━━━━━ Data ━━━━━

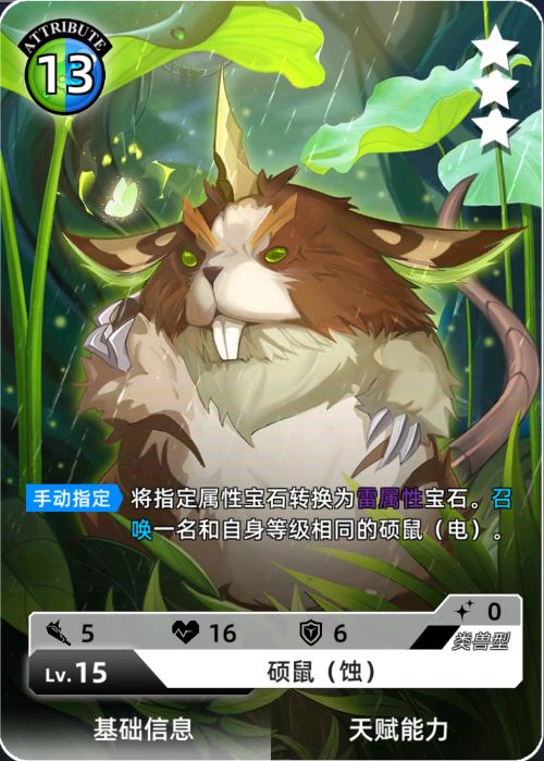 鼠鼠!魂器本的神!选鼠鼠就对了。前两选如果都没选到强卡,三、四选还有鼠鼠可以选。硕鼠(蚀)和硕鼠(电),两张鼠鼠可以互相配合、互相召唤,启动了就生生不息。就只怕对面一个AOE全秒了(说的就是对面的嫉妒)。下面是我选到的配队,建议开局空出一个位置给鼠鼠召唤小伙伴。
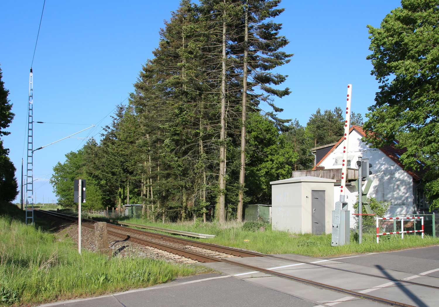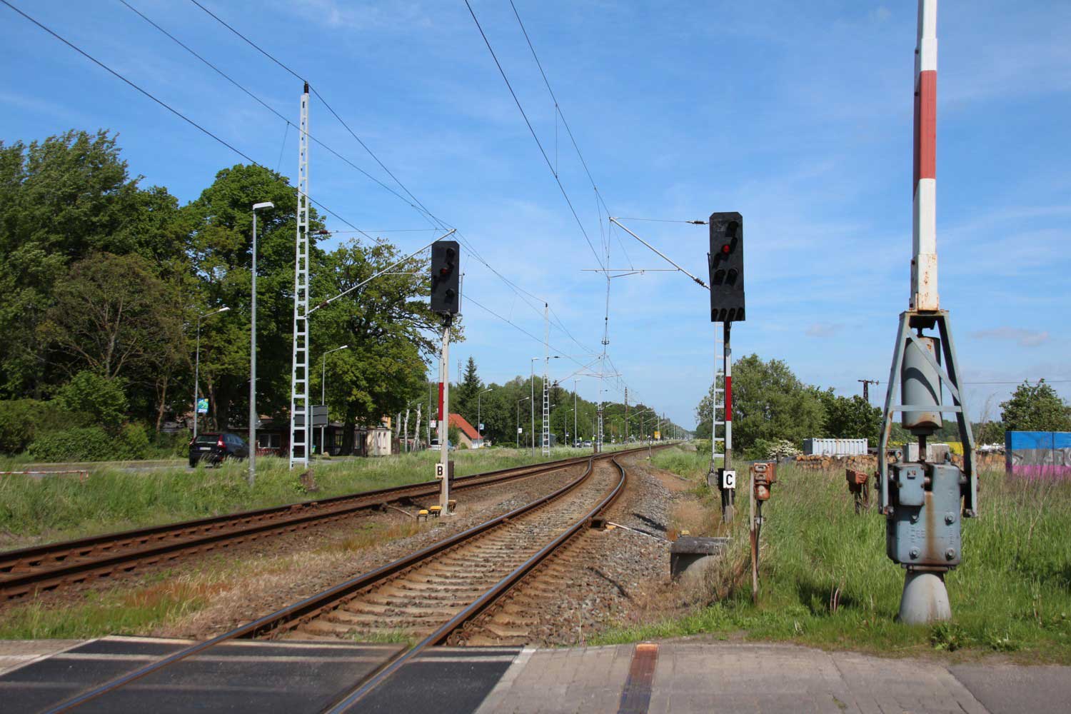 km 68,0 (Tafel) und BÜ km 68,1 zwischen Bentwisch und Abzw Riekdahl - Blick Richtung Stralsund
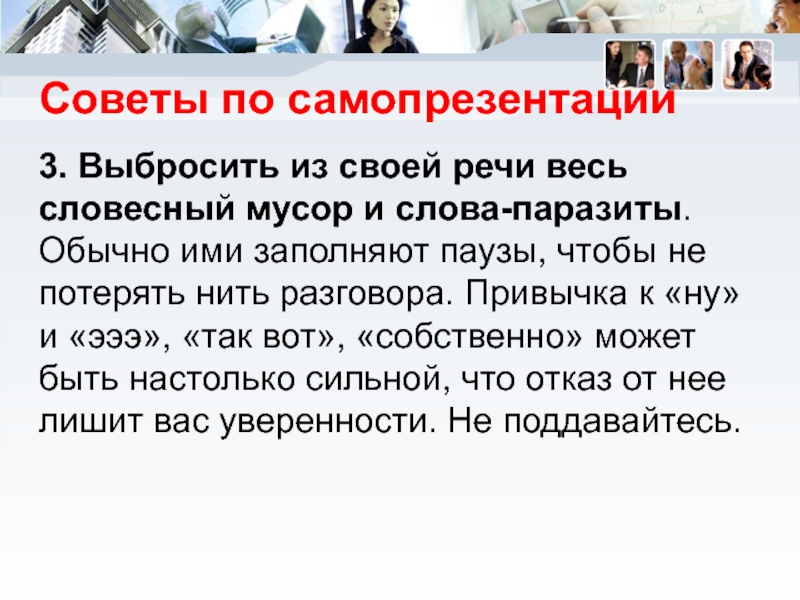 разговора. Привычка к «ну» и «эээ», «так вот», «собственно» может быть настолько сильной, что отказ от нее лишит вас уверенности. Не поддавайтесь.
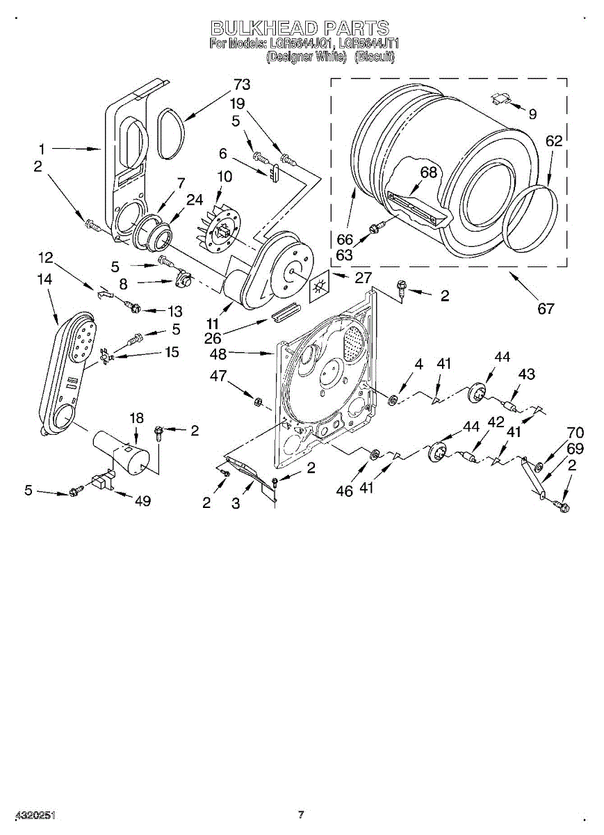 Parts for Whirlpool LGR5644JT1: 04 - Bulkhead Parts
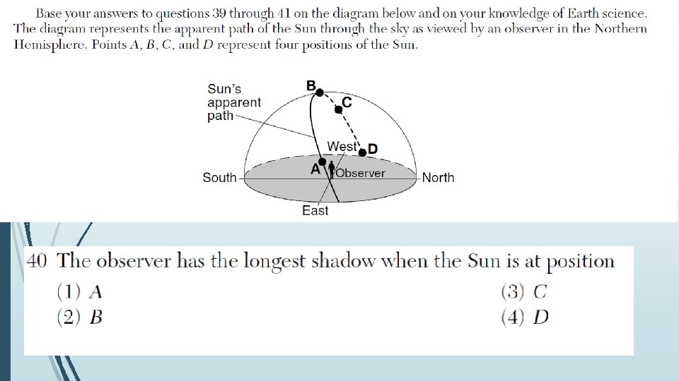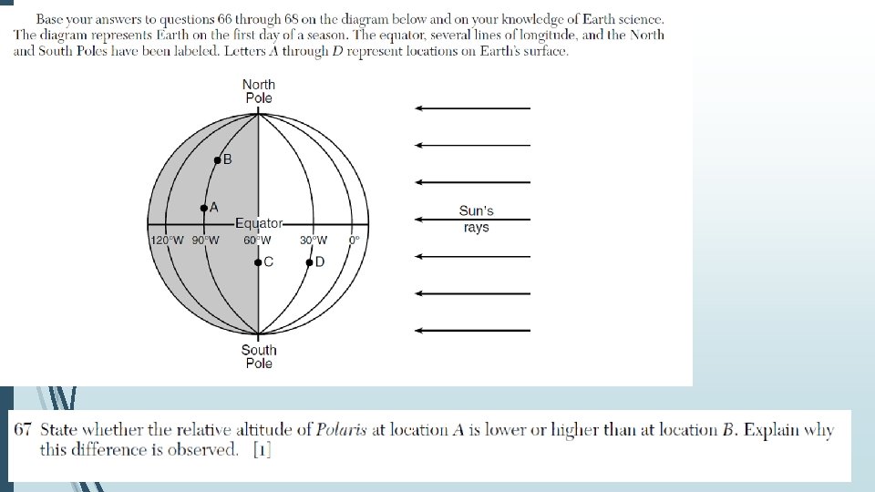 To calculate the height of the sun at local noon… Equinoxes: solar altitude at noon = 90° - latitude = 90° - 43° = 47° above horizon at local noon Summer solstice = 90° - latitude + 23. 5° = 70. 5° Winter solstice = 90° - latitude - 23. 5° = 23. 5°

━━━━━

Work task ::
Set down the whole listing word for word, omitting the pictures.

Response area ::
 鼠鼠!魂器本的神!选鼠鼠就对了。前两选如果都没选到强卡,三、四选还有鼠鼠可以选。硕鼠(蚀)和硕鼠(电),两张鼠鼠可以互相配合、互相召唤,启动了就生生不息。就只怕对面一个AOE全秒了(说的就是对面的嫉妒)。下面是我选到的配队,建议开局空出一个位置给鼠鼠召唤小伙伴。
 km 68,0 (Tafel) und BÜ km 68,1 zwischen Bentwisch und Abzw Riekdahl - Blick Richtung Stralsund
 разговора. Привычка к «ну» и «эээ», «так вот», «собственно» может быть настолько сильной, что отказ от нее лишит вас уверенности. Не поддавайтесь.
 Parts for Whirlpool LGR5644JT1: 04 - Bulkhead Parts
 To calculate the height of the sun at local noon… Equinoxes: solar altitude at noon = 90° - latitude = 90° - 43° = 47° above horizon at local noon Summer solstice = 90° - latitude + 23. 5° = 70. 5° Winter solstice = 90° - latitude - 23. 5° = 23. 5°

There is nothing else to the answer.